After a few more words, Dr. Adams leaves with the promise to let them know if there is any change with Ally. Sandra fusses with fixing Andrew’s pillow, and I can’t help but smile as he grumbles at her. His eyes turn to me and narrow.

“What are you smiling about?” he mutters. “She’s acting like I just had major surgery or some shit. It’s ridiculous.”

“You watch your language, Andrew. And let me be. I’m your mother. If I want to fuss over my baby while he’s in a hospital bed, then I’ll damn well do it, no matter how serious the reasoning is.” I laugh at her word choice, because she just got on to him for cussing. “Besides, if I don’t do this, then I’ll think about…”

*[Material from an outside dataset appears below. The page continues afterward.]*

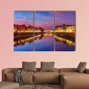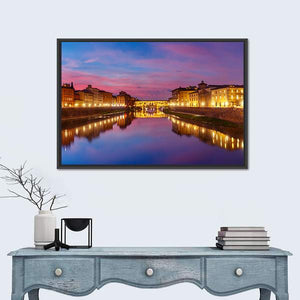 Panoramic View Of River Arno shows the river, buildings and a bridge at dusk with city lights reflected across the water. Rendered in a realistic style with blue, pink, yellow and brown tones and a balanced, symmetrical composition, it feels peaceful and romantic. A quiet cityscape that suits living rooms or entryways as room decor.
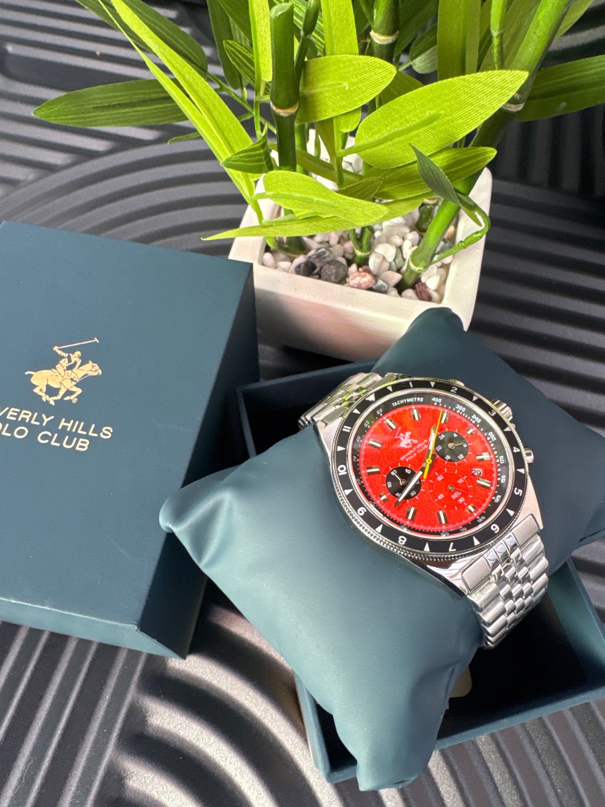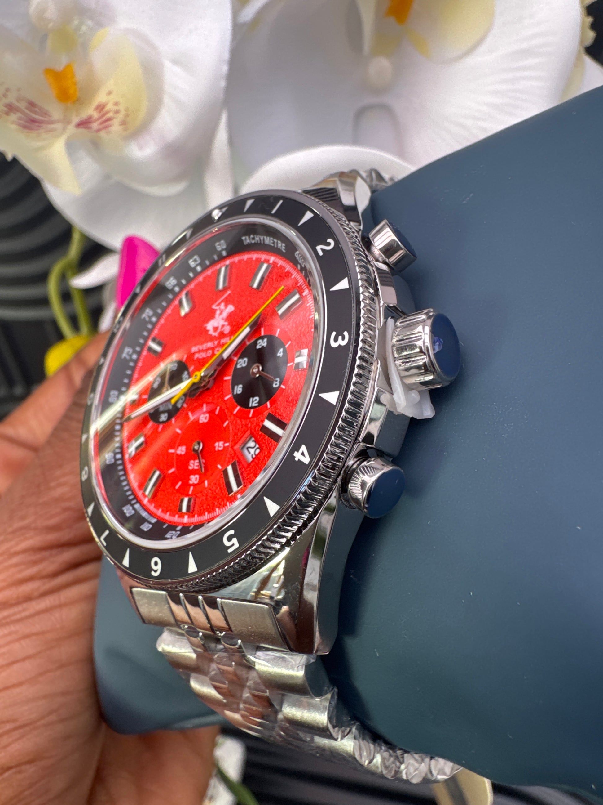 Look charming donning this analog watch by Beverly Hills Polo Club. The metal strap exudes a silver hue that accentuates the look of the watch. Encased in a 45 mm case, the orange tonneau dial is protected by a . It features chronograph. Besides, it is completed with a push-button clasp to ensure a secure fit on the wrist.

She stops midsentence and lets out a sob. I feel like an asshole for laughing. This is definitely not a time to laugh.

Andrew sits up and pulls his mom into his arms. As she cries against his white and green checkered hospital gown, I walk around and rub her back. Watching the emotions these two are going through is hard. I want to comfort them and make everything better.

Only a couple minutes pass before the door opens again and a rush of people file inside the small room. I step to the side as Bailey and Chris hurry over. Andrew releases Sandra and she discreetly wipes her eyes. Jaxon, Mia, Mac, and Trent stay back a few steps. I’m surprised Mia isn’t in the middle of the cry fest Bailey and Chris are having. Her expression is still closed off, and I wonder if she’s upset with Andrew for keeping Ally from her.

“Mia,” Andrew calls, when he realizes she’s still across the room.

She stays put for a couple of moments before slowly walking over to him. Bailey and Chris move away so she can get close. As I get a better look at Mia’s face, I see tears glistening in her eyes and her lips trembling. When Andrew tries to grab her hand, she takes a step back.

“Why?” she whispers raggedly, barely loud enough for us to hear. “Why would you keep this from us? From me?”

“Oh, Mia, I’m so sorry,” Andrew says, brows pulled down into a frown. “When Becky and Brent first came to me about donating sperm, they asked me to not say anything for a while. Becky’s parents were firmly against anything other than a natural child from both married parents. The plan was to ease them into it. For years, I watched them suffer multiple negative pregnancy tests. The devastation each test brought them was destroying them, and I hated seeing them like that. Brent found out later that he’s infertile.”

Andrew again tries to reach out for Mia, but she just shakes her head.

“Why has it taken this long though? You said she’s six, which means it’s been about seven years. I get they wanted to wait, but for seven years?”

A tear streaks down Mia’s face, and I feel Mac stiffen beside me, wanting to go comfort his woman. Mia’s not the type to shed tears. She always seems so strong and stubborn. To see her upset like this must be tearing both him and Andrew up inside. The pain I see on Andrew’s face as he watches the tear trail down her cheek has my own emotions boiling to the surface. I understand her feeling of betrayal, but what Andrew’s been through hasn’t been a walk in the park either, I’m sure. I can’t imagine the internal struggle he’s faced on a daily basis.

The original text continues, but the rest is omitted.